I also think a UI shift which relies solely on natural language inputs is very unlikely. After all this time, we’re still stuck on the idea of making elements of Star Trek a reality, where pretty much all day-to-day activities are conducted via voice commands. One of my clients recently wrote about The End of Prompting, where he explains that it’s possible that in the next year or so written or spoken prompts will no longer trigger outputs from machines. E.g. you will not have to ask an LLM ‘hey can you make this document sound more professional’. Rather, you’ll just use a slider and crank it all the way to the ‘professional’ end of the scale.
However, if you look at OpenAI’s recent product announcements they are really pushing hard on prompts: you can produce a fully functional custom GPT using only natural language. But, as mentioned above, because of predetermined guardrails deciding what ‘good’ looks like for you, the possibilities of what you can make are significantly narrowed. Therefore, the ‘impressive’ part of these tools is not necessarily what they can do, but that the only way to instruct them is with natural language. They’ve basically made a drag-and-drop website builder but instead of dragging and dropping you just type out ‘can the profile pic be a cute cat’, and also it doesn’t even really build a website.
I mentioned Star Trek above because I do think that early modern conceptions of sci-fi futures have played a part in what we consider important to aim for these days. I also mentioned it because the concept of prompt engineering, or using and tweaking natural language to get a desired output, really reminds me of this one episode of The Next Generation: Dr Crusher accidentally slips into a reality created by her own mind, and she panics as every crew member on the ship slowly disappears from that reality. Eventually, it’s just her alone with the ship’s computer, and all she can do is talk to it in order to figure out what’s going on. She quite literally uses a chain of prompts to understand the limitations of the reality she’s in, and the limitations of the computer itself. It sort of went like this:
She asks the computer to read out the full roster of crew members, and the computer answers only with ‘Dr Beverly Crusher’.
Then she asks what the purpose of the starship Enterprise is, and the computer tells her that it’s to ‘explore the universe’
Finally, she asks if she alone possesses the skills to explore the universe, and the computer is unable to answer — and this is kind of the first breakthrough moment for her in the episode.
I really enjoy this example because there are parts where she gets frustrated with the computer’s answers, and other parts where she asks rhetorical questions out loud while she’s trying to work things out, and the computer attempts to respond, moving Dr Crusher to snap and say ‘I wasn’t talking to you!’ It was cool to see that even in the limitless tech-utopia of Star Trek — which was written before home computers were a thing — a character became frustrated because the computer was not behaving in the way she was expecting.

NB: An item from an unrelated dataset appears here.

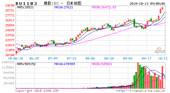 節假后,滬膠連續三個交易日大幅上漲,累計漲幅達9.15%。12日,滬膠1103主力合約報收29335元,上漲2.11%,盤中一度上探至29565元,創下4年多新高,距30000元的歷史高點僅一步之遙。外盤方面,TOCOM橡膠期貨于周二創下自4月19日以來最高價位。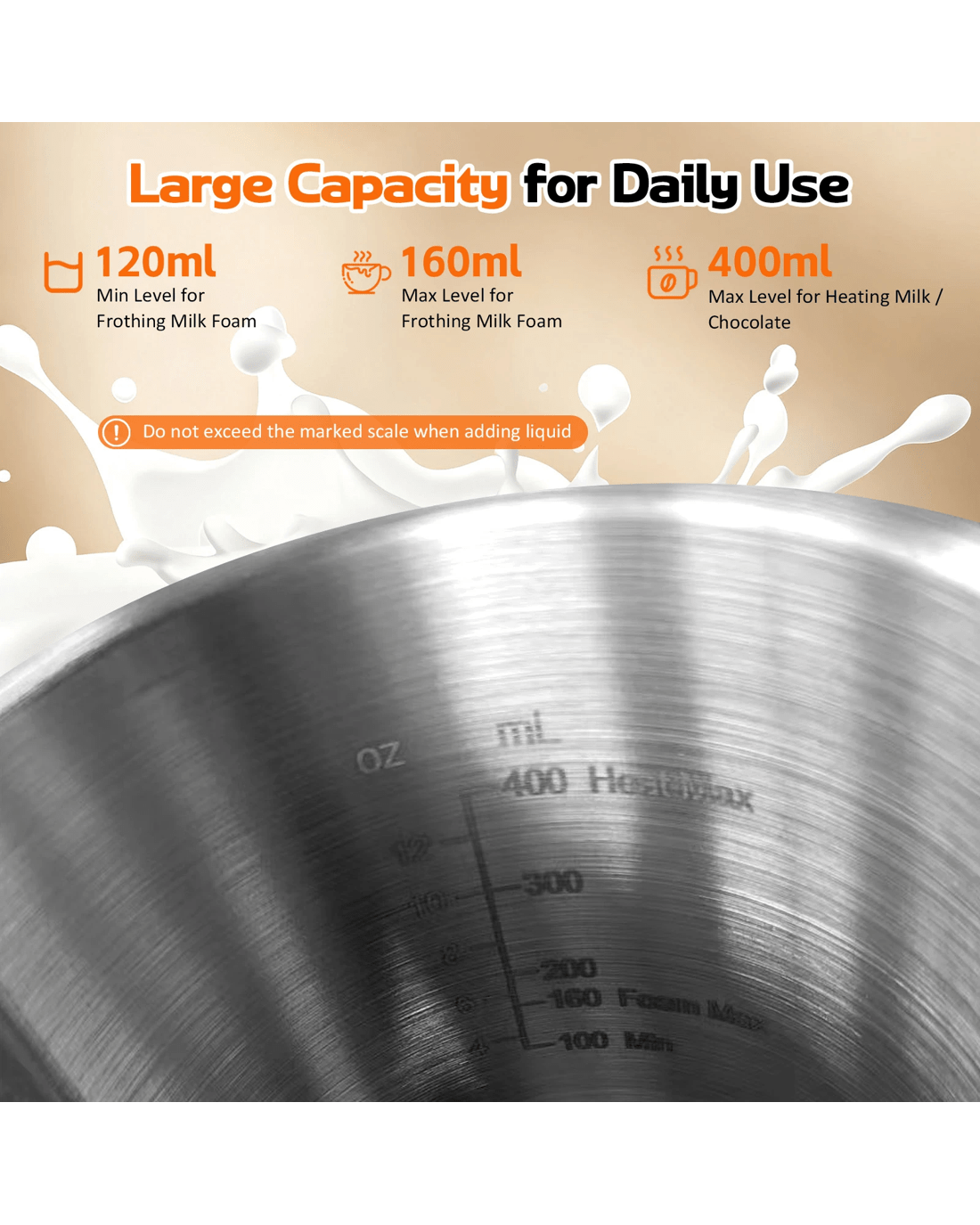 Designed with a detachable upper frothing jug, this milk frother lets you use the top container as both the frothing vessel and a latte art jug. You can lift it at any time during frothing to pour directly for latte art. Froths 120–160 ml and heats up to 400 ml—compact for home, office, travel, and RV use.

This is very similar to how we experience technology now; when a device doesn’t do what we want within it’s narrowly scoped capabilities, it’s very annoying. And then we feel lost and powerless. Dr Crusher did not escape her alternate reality because the computer was helpful — she escaped because she was being smart, and therefore understood the limitations of the technology around her. Dr Crusher eventually knew, unlike the computer, that she was trapped in another reality. So from now on, the refusal to take machine outputs at face value should be referred to as ‘Crushing It’. Thank you and goodbye.